Exercise » Set down exactly the lines from the one containing "Straight Cherry 1402/02" to the final line of the records below, with every picture omitted.

Records for processing »
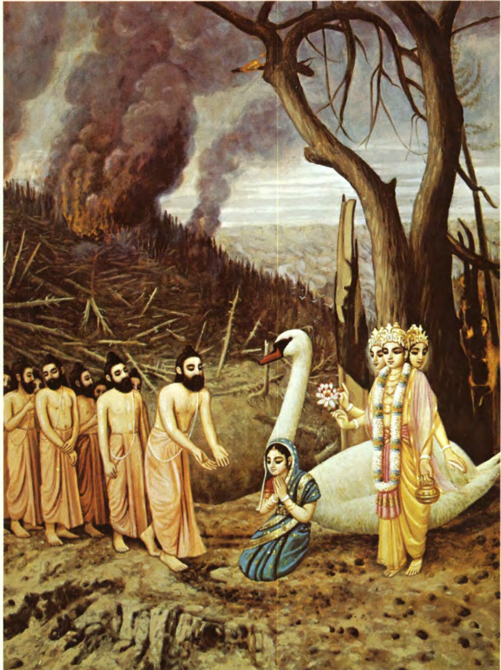
Plate 7 The remaining trees, being very much afraid of the Pracetās, immediately delivered their daughter at the advice of Lord Brahmā. (page 1548)
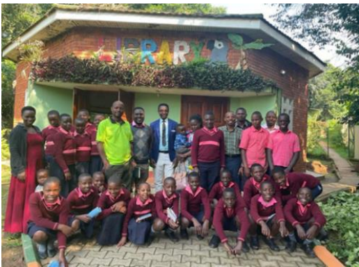
Pupils and teachers at the Wildlife Museum Library

My testimony is that everything was interesting and educational. Pupils learned a lot from the facilitators and have promised to apply all the knowledge and experience in their learning. Very soon, each one of them will draft a handwritten report/essay summarizing the course of their trip, and I will send you scanned copies from pupils and teachers who participated.”
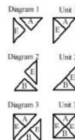
Block Construction Diagram
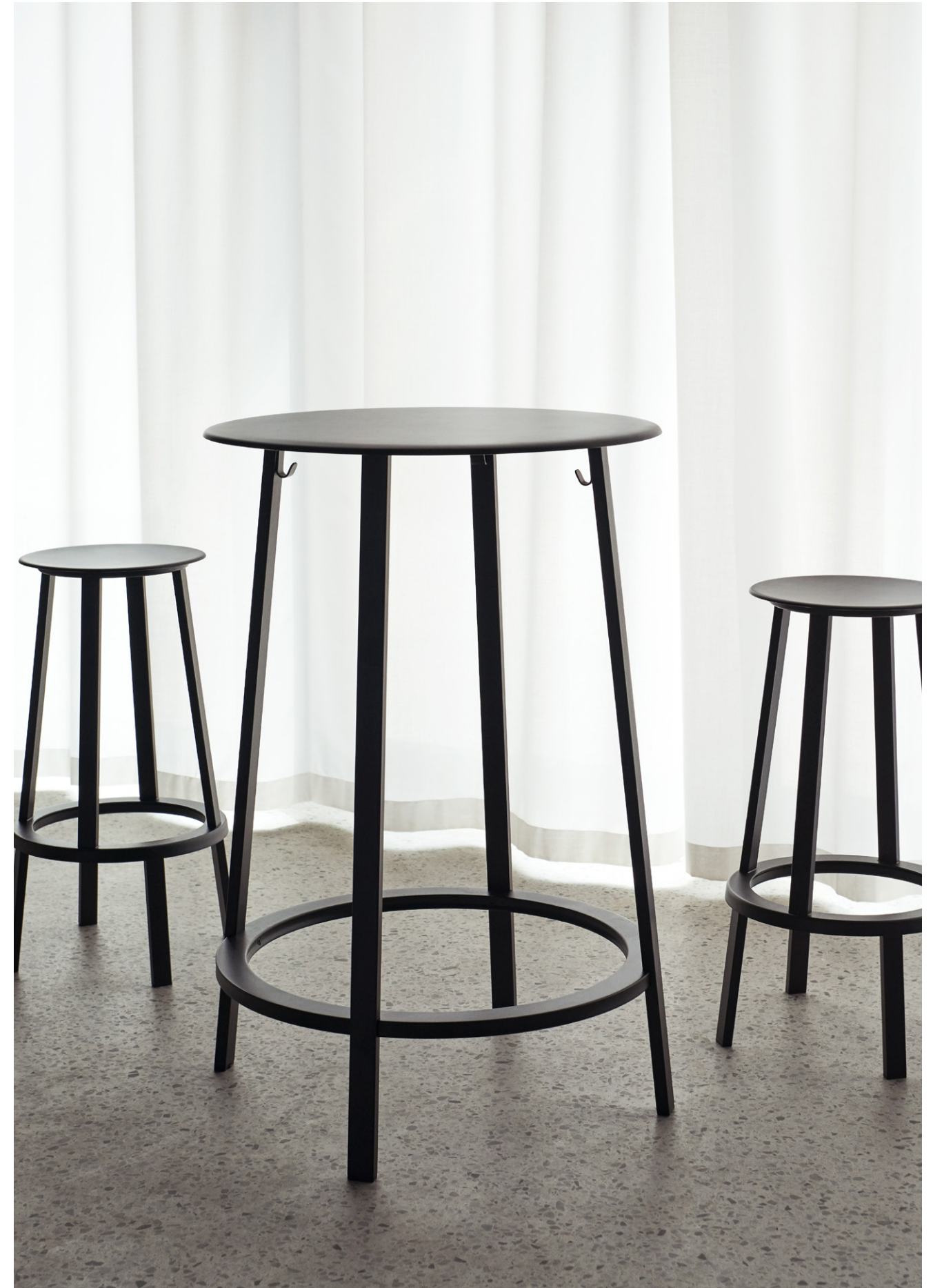
Revolver Table | Black powder coated steel
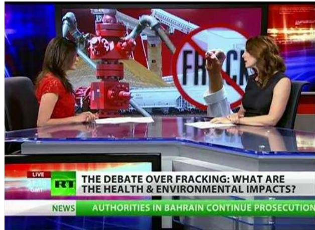
RT anti-fracking reporting (RT, 5 October)
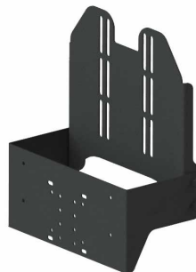
7160-1257 Vertical Tablet Keyboard Mount
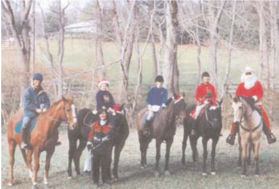
Santa and his helpers go caroling on horseback.
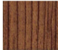
Straight Cherry 1402/02 DS 403 Smooth DS 733 Texture
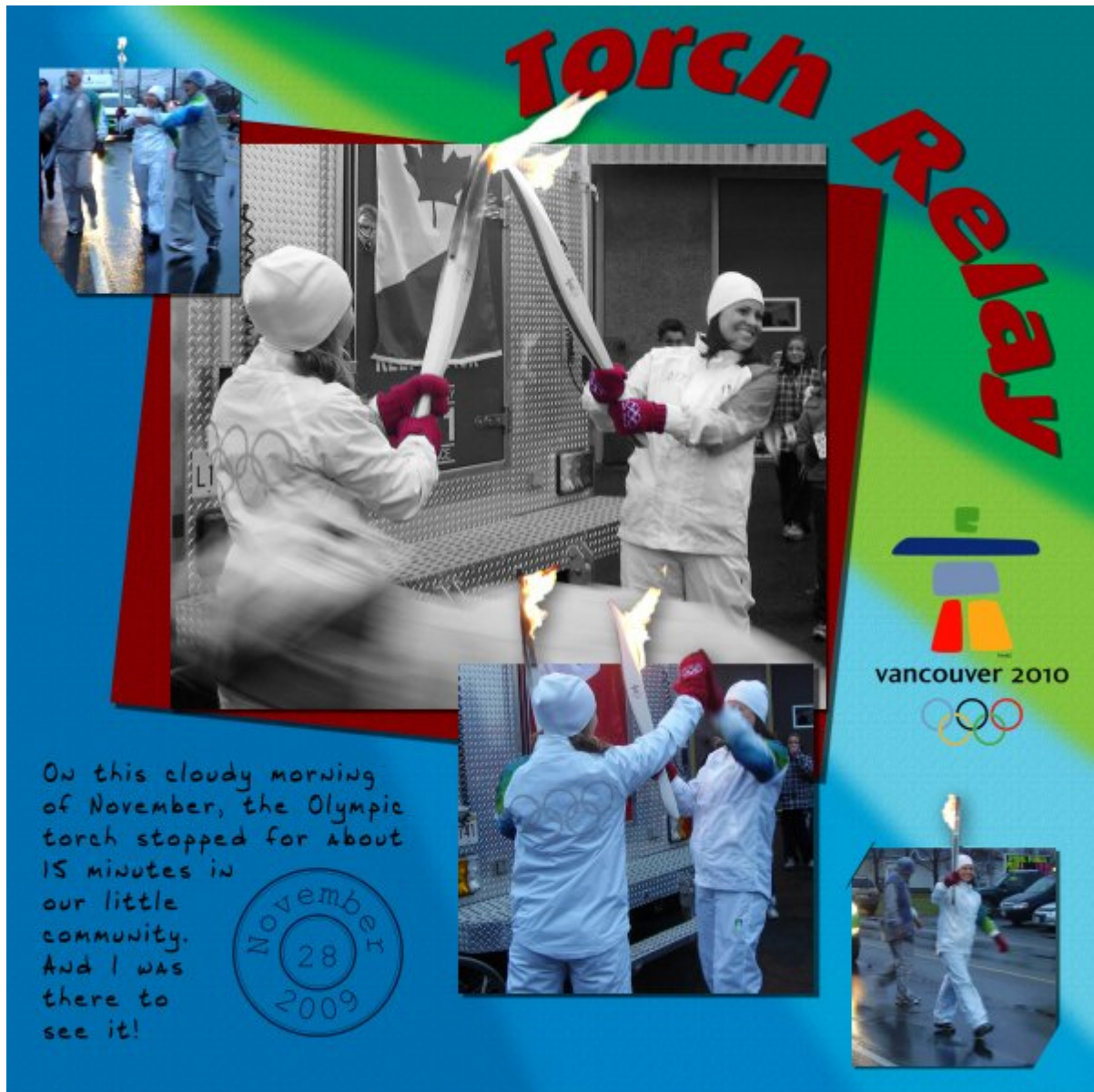
Layout from Carole Asselin (Cassel)
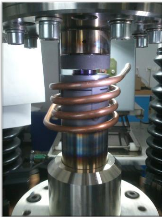
Image of the Forming Tribometer: showing the Ring-On-Plate-Specimens with inductive heating system (not in position)

Post-Analysis may cover measurement of wear by topographic means. Investigation of surface morphology or material transfer by SEM/EDX. Changes in the subsurface microstructure can be analysed locally resolved by EBSD (Electron Back Scattering Diffraction).
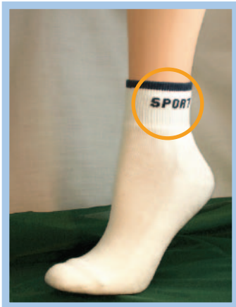
Sports events: for your participants
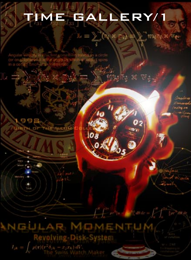
Street poster for Illum's 5th year anniversary
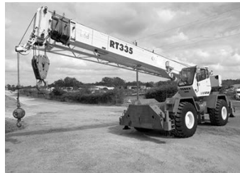
'98 Terex RT335 rough terrain crane, 4x4, (4) whl. steer, 6 spd. powershift trans., Cum., 35-ton, 30'-94' boom, 30' jib boom, (2) block sheave, aux. winch line, 23.5x25 tires @ 60%, 9500 hrs. . . . . $59,500
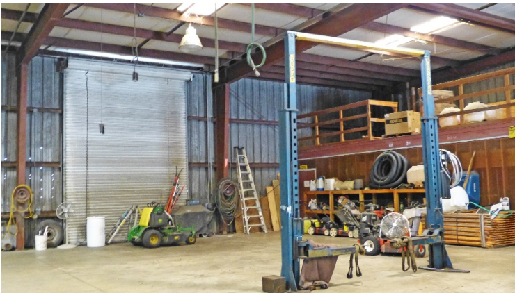
Heavy Duty Lift
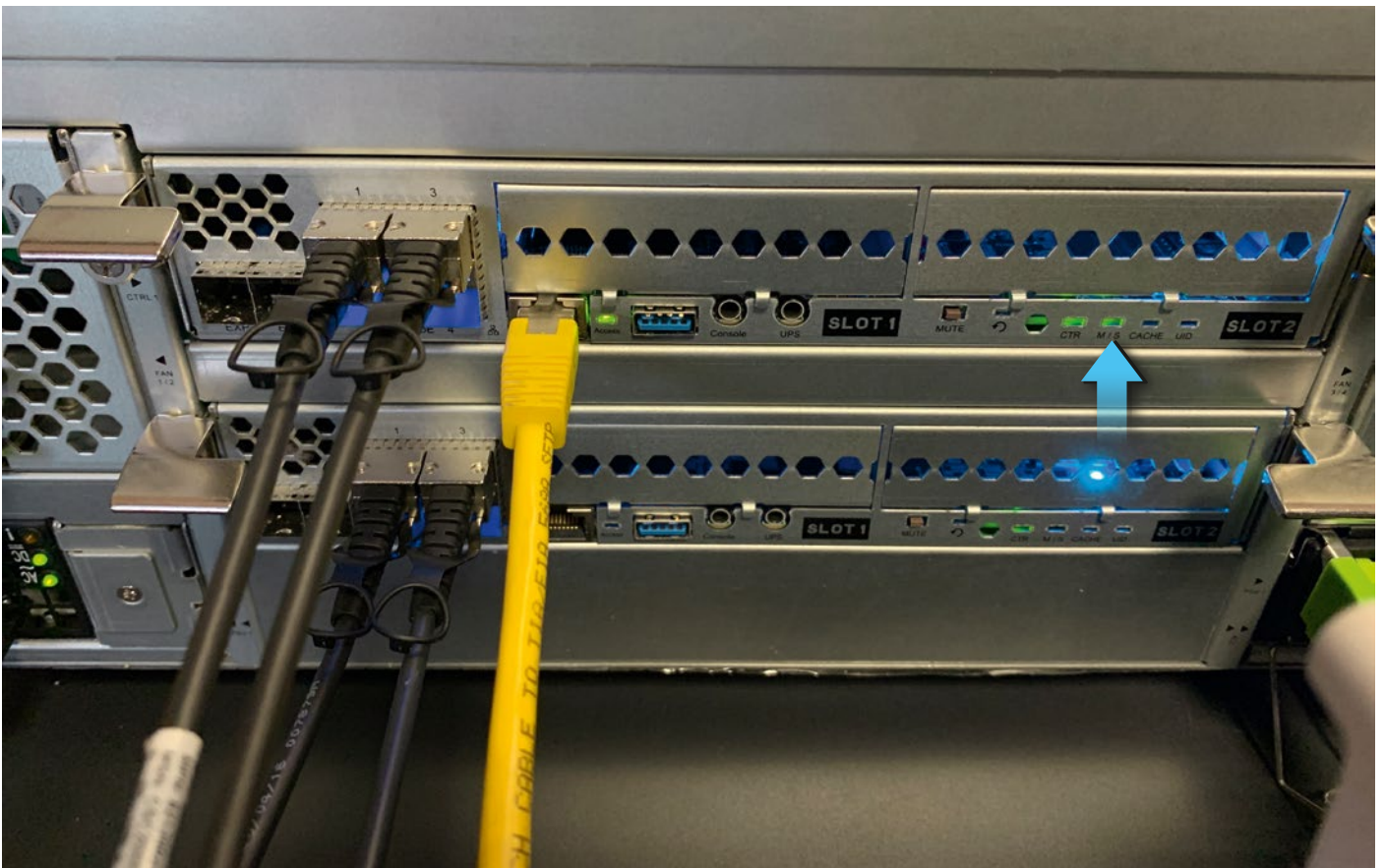
Figure 3: XS3324D Network Connections

Exercise solution »
Straight Cherry 1402/02 DS 403 Smooth DS 733 Texture
Layout from Carole Asselin (Cassel)
Image of the Forming Tribometer: showing the Ring-On-Plate-Specimens with inductive heating system (not in position)

Post-Analysis may cover measurement of wear by topographic means. Investigation of surface morphology or material transfer by SEM/EDX. Changes in the subsurface microstructure can be analysed locally resolved by EBSD (Electron Back Scattering Diffraction).
Sports events: for your participants
Street poster for Illum's 5th year anniversary
'98 Terex RT335 rough terrain crane, 4x4, (4) whl. steer, 6 spd. powershift trans., Cum., 35-ton, 30'-94' boom, 30' jib boom, (2) block sheave, aux. winch line, 23.5x25 tires @ 60%, 9500 hrs. . . . . $59,500
Heavy Duty Lift
Figure 3: XS3324D Network Connections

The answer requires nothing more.